Вместо них только образ оружейника Махмуда, комически безобразного на вид («растопыренные уши», «короткий, как кулак, нос», «узкие глаза»), но талантливого поэта. Хотя и верноподданного, расточающего громкие хвалы ничем не выдающемуся безымянному халифу. Его полюбила русская Даждья из семьи языческих «аристократов», ставшая рабыней. Она – своеобразный вариант Полины Вольской из «Проспекта Ильича» – милая и храбрая одновременно. Не прибавит стройности роману и разношерстная группа посланников халифа в столицу Византии: мастер изготовления ножей с задатками поэта и отталкивающей внешностью Махмуд, веселый пьяница-философ и «базарный судья» кади Ахмет, строгий законник-буквоед Джелладин. Прямо крыловские лебедь, рак и щука. Поэтому так трудно читать этот роман без главного героя, внятной идеи и сюжета. Если, конечно, не предположить, что всеми этими главными устоями произведения ведают и правят любовь, лирика вообще, примиряющая все противоречия и настроения в произведении. Махмуд любит Даждью, Даждья любит Махмуда, кади Ахмет любит всех, как Христос с полотна эдесской святыни любит все человечество, и хочет примирить для начала Багдад и Византию.
Правда, в финале романа убитые по приказу халифа Махмуд и Даждья превращаются в призраков, вселяющих ужас в бегущих врагов. И как врагам было не испугаться, если над ними «встала» «мертвая голова поэта», «и голову эту держал в руках призрак синеглазой, светловолосой Даждьи». Хочешь не хочешь, но опять на ум приходит роман Булгакова «Мастер и Маргарита», когда разгневанная Маргарита стала ведьмой, спознавшись с Воландом и K°, т. е. с нечистой силой, чтобы спасти Мастера и его роман. Возможно, что и Иванов шел по этому же пути, либо зная, либо нет о существовании этого произведения Булгакова. Или умел ведать о тех произведениях своих коллег, которые еще не написаны или еще пишутся. Не зря Иванов и в войну продолжал читать оккультистов, например пять томов В. И. Крыжановской-Рочестер (пенталогия «Маги», 1901–1916). Но дневники Иванова, которые он вел уже в Москве, это сплошной поток событий, мыслей, чувств самых разнородных, больших и малых, зачем-то записываемых им.

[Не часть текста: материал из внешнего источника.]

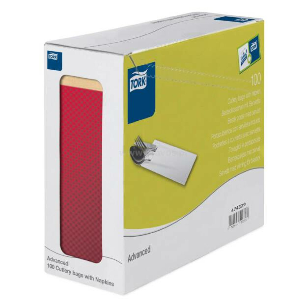 Tork bordeaux kapsička na příbory s krémovým ubrouskem
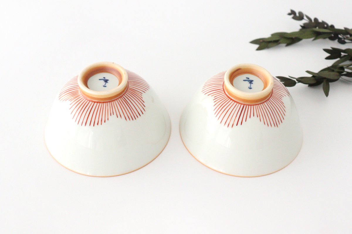 This rice bowl features plum blossoms expressed in a vertical striped pattern. If you look at it from above, you'll see a large plum blossom, and if you turn it over, you'll see a smaller plum blossom. No matter what angle you look at it, the carefully drawn patterns will delight you. The height of the base and the slightly curved edges are exquisite, and the form fits easily in your hand. The skills of Arita's craftsmen, who have continued to create pottery with consideration for the people who use it, shine through.

И о том, как вместе с Б. Ливановым искали водку, пока жена не вынесла им «четверть литра», и о нищей актрисе, питавшейся раздавленными крысами, и о своих новых калошах «на красной подошве, с суконными стельками». И о том, что сам писал (в основном статьи о героях войны и сражениях по заказу «Известий», «Гудка» и других газет) публицистику ради зарабатывания денег (суммы тоже записаны) в голодной Москве.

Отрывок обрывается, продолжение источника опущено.